Rhein und wahr

Aus dem Tagebuch

von Erwin Grosche

Foto © Frank Becker
Trost und Küsse

18. August: Kußräume - Bodo hatte sich bei der VHS angemeldet: „Wie finde ich Freunde“. Es war ein Kursus, wo man in zehn Schritten seine Schüchternheit überwinden konnte. Man lernte auf andere Menschen zuzugehen, um sie von sich zu überzeugen. So fand man Freunde. Bodo freute sich sehr auf diese Fortbildung, weil er bei der Anmeldung gelesen hatte, daß dieser Lehrgang in einem Kußraum stattfinden würde. Ein Kußraum hörte sich interessant an, da konnte man küssen und würde bestimmt dauernd geküßt. Bodo ging also ind die VHS und setzte sich fröhlich auf seinen Stuhl. Nach zwei Stunden wunderte er sich, daß keiner kam und ihn küßte. Wie langweilig. Was war da los? Bodo war verwundert. Er wartete noch eine Stunde und hörte eine Stunde lang einer Frau zu, die davon erzählte, wie man Freunde finden kann. Bodo war enttäuscht. Er fragte sich, wann endlich der praktische Teil beginnen würde. Wann wurde geknutscht und geküßt? Später erfuhr Bodo dann, daß dies kein „Kußraum“ war, sondern ein „Kursraum“. Wenn in einem Raum sich nicht geküßt wird, ist das also kein Kußraum sondern ein Kursraum. Bodo war so maßlos enttäuscht, daß ihm dann eine Frau einen Kuß gegeben hat. Immerhin, dachte Bodo. So findet man doch noch Freunde.
 
20. August: Meine Zahnpasta - Gestern sprach meine Zahnpasta mit mir. Ich wollte mir die Zähne putzen, drückte auf die Tube und bekam keine Zahnpasta heraus. Ich ließ mich nicht davon entmutigen und drückte weiterhin auf die Tube, doch immer noch kam keine Zahnpasta heraus. Plötzlich sagte meine Zahnpasta zu mir: „Wenn Du Zahnpasta haben willst, dann fehlt doch nur ein kleines Zauberwort. Sage dieses Zauberwort und Milch und Honig werden fließen.“ Zuerst war ich verwirrt. Eine sprechende Zahnpastatube hatte ich schon lange nicht mehr gehört. Aber warum nicht, die Welt ändert sich und kürzlich bekam ich eine singende Geburtstagskarte geschenkt, obwohl ich keinen Geburtstag hatte. Ich drückte also noch mal auf die Zahnpastatube und sprach dazu das Zauberwort.

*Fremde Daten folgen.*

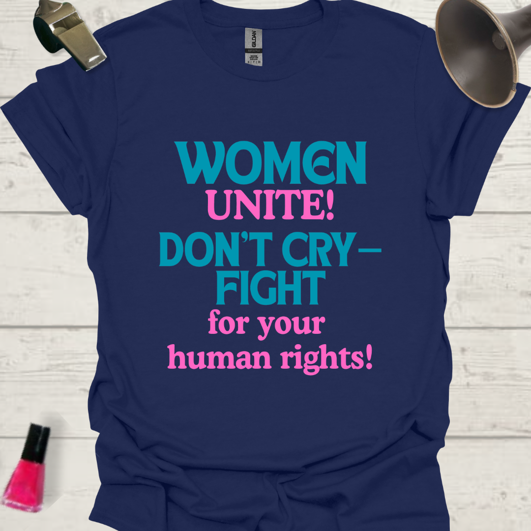 Feminist T-Shirt Women, Unite! Don't cry, fight for your human rights Design

Ich sagte „Bitte“, aber so sehr ich auch danach drückte und drückte: Es kam keine Zahnpasta aus der Tube. „Sehr witzig“, sagte ich zur Zahnpastatube. „Wirklich sehr, sehr witzig“ - und schmiß sie weg.
 
22. August: Die Trostkarte - Manche Menschen sind von ein Uhr bis vier Uhr traurig. Das hat nicht immer einen Grund. Manchmal liegt es am Mittagessen, manchmal ist man nur müde und braucht einen kleinen Trostspruch. Zum Glück gibt es die Trostkarte. Die Trostkarte ist eine ganz normale Karte, die man auf einer Seite mit fröhlichen Farben bemalt hat. Jeder, der diese Trostkarte geschickt bekommt, freut sich und hat gleich gute Laune. Auf der anderen Seite der Karte steht natürlich ein Trostspruch, wie z.B.:
Ob in Lippstadt oder Soest
überall, da braucht man Trost
diese Karte tröstet hier
wenigstens von eins bis vier.
 
24. August: Zwei Seifen - Oskar konnte sich mit zwei Seifen gleichzeitig waschen. Was sich zuerst wie eine Superheldentat anfühlte, hatte auf dem zweiten Blick ganz viele Vorteile. Er konnte gleichzeitig mit der Seife der linken Hand seine rechte Körperseite einseifen, während die Seife der rechten Hand sich den Stellen der linken Körperhälfte widmete. Selbst wenn Oskar eine der beiden schlüpfrigen Seifen fallen ließ, mußte er sich nicht bücken, sondern konnte sich weiterhin mit der anderen Seife waschen. Viele Zweifler fragten Oskar, wie er denn die beiden Seifen zum Schäumen brachte. „Ganz einfach“, sagte dann Oskar, „ich reibe die beiden Seifen aneinander. Die sind natürlich zuerst überrascht, genießen es dann aber und fangen vor Freude an zu schäumen.“ Genial Oskar. Das probieren wir auch mal aus.